No, stand up and raise your heads. Cast away and put on. For it is now in the time of this mortal life “that Jesus Christ came to visit us” (BCP, 211) and it is to this world that he comes again, and again, and again. Advent time is not about everybody getting vaccinated, although we all should. Advent is not about passing laws protecting voting rights – as crucial as they’re proving to be. Instead, yes: Advent time is body of Christ time. New words will invite us to communion this Advent at our 5:00pm mass. For years, we have come to the altar in response to: “The gifts of God for the people of God.” Beginning this evening, we will hear another ancient invitation: “Behold who you are”; and respond: “May we become who we receive.” Behold and become the body of Christ in this world and for this world.
I received a third message about time this past week. Debra was cleaning out her prayer books, Bible, and hymnal drawer after months of journaling with the Psalms, one psalm a day! She was wondering what might come next for her as a personal devotional practice.

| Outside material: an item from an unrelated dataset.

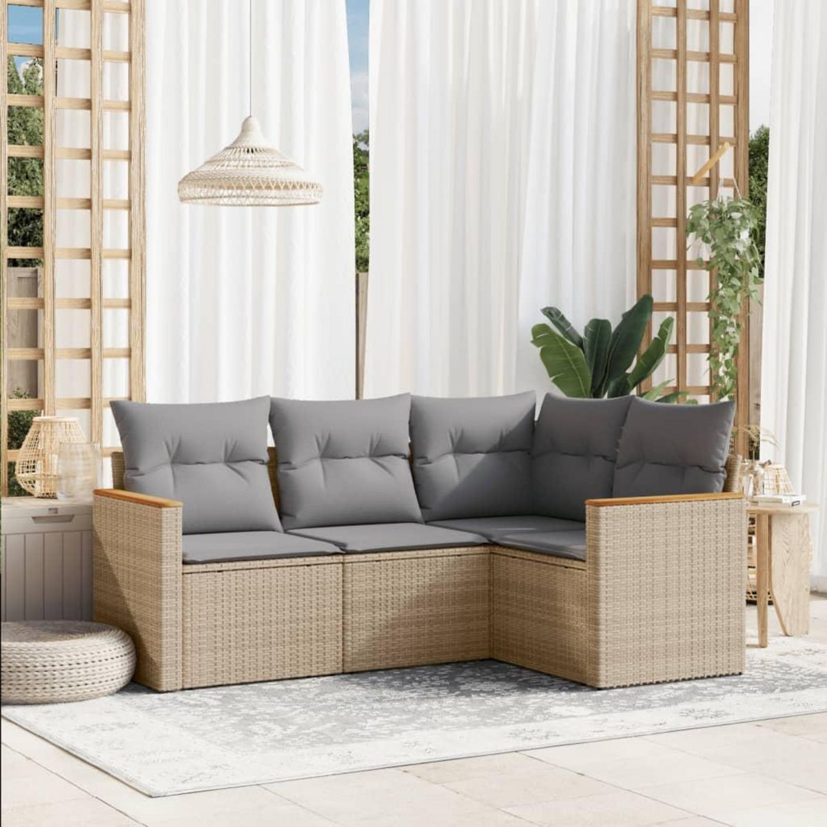 Salon de jardin avec coussins 4pcs melange beige resine tressee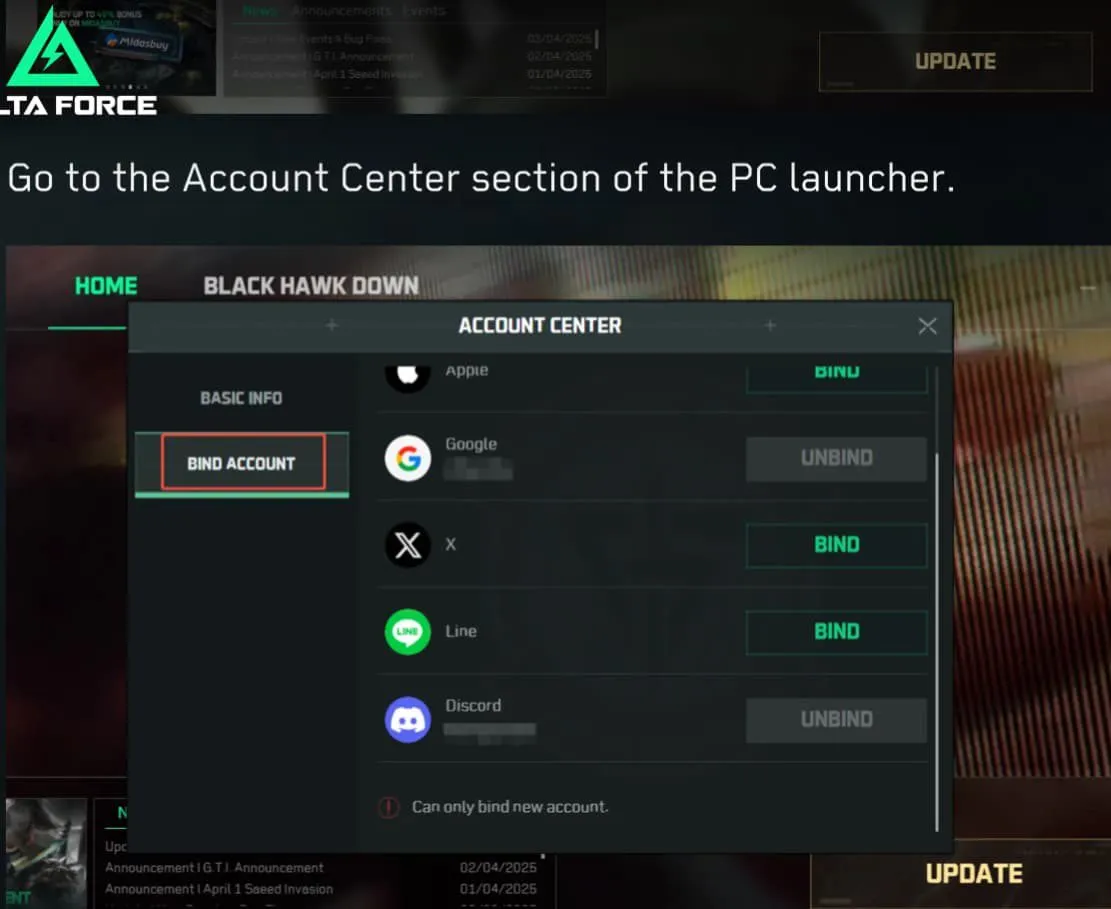 Что нужно помнить при привязке аккаунта в Delta Force

She came across this twenty-five year old worship bulletin from a former church. [Holds bulletin up.] She had saved it for the words of a choir anthem she particularly liked. “E’en so, Lord Jesus, Quickly Come.” I wasn’t familiar with the song, so I listened to a recording on YouTube and then did a little research into its origins.
Turns out Paul and Ruth Manz began collaborating on some words and a tune back in 1953 around the hospital bed of their critically ill three-month old son. E’en so, Lord Jesus, quickly come. Not come at some future moment and whisk us away from life with its bad news. No, quickly come – show up here and now. Better, because Jesus is always already with us: yes, quickly come and stand up with us. Raise our heads and our weighed-down hearts. Lead us in the dance. Quickly come, so that the joy of new beginnings we carry deep within our flesh and bones might make a way through the endings all around us.
I listened to the National Lutheran Choir’s recording of “E’en so, Lord Jesus, Quickly Come.” Youtube.com, November 29, 2015; accessed November 24, 2021.
There’s a Wikipedia page about the Manz’s anthem: en.wikipedia.org/wiki/E%27en_So,_Lord_Jesus,_Quickly_Come, accessed November 24, 2021.
St. Augustine’s original wording is: “Behold what you are, become what you receive” (Easter Sermon, 227). We chose to personalize it as “who” for our liturgical use at St. Paul’s.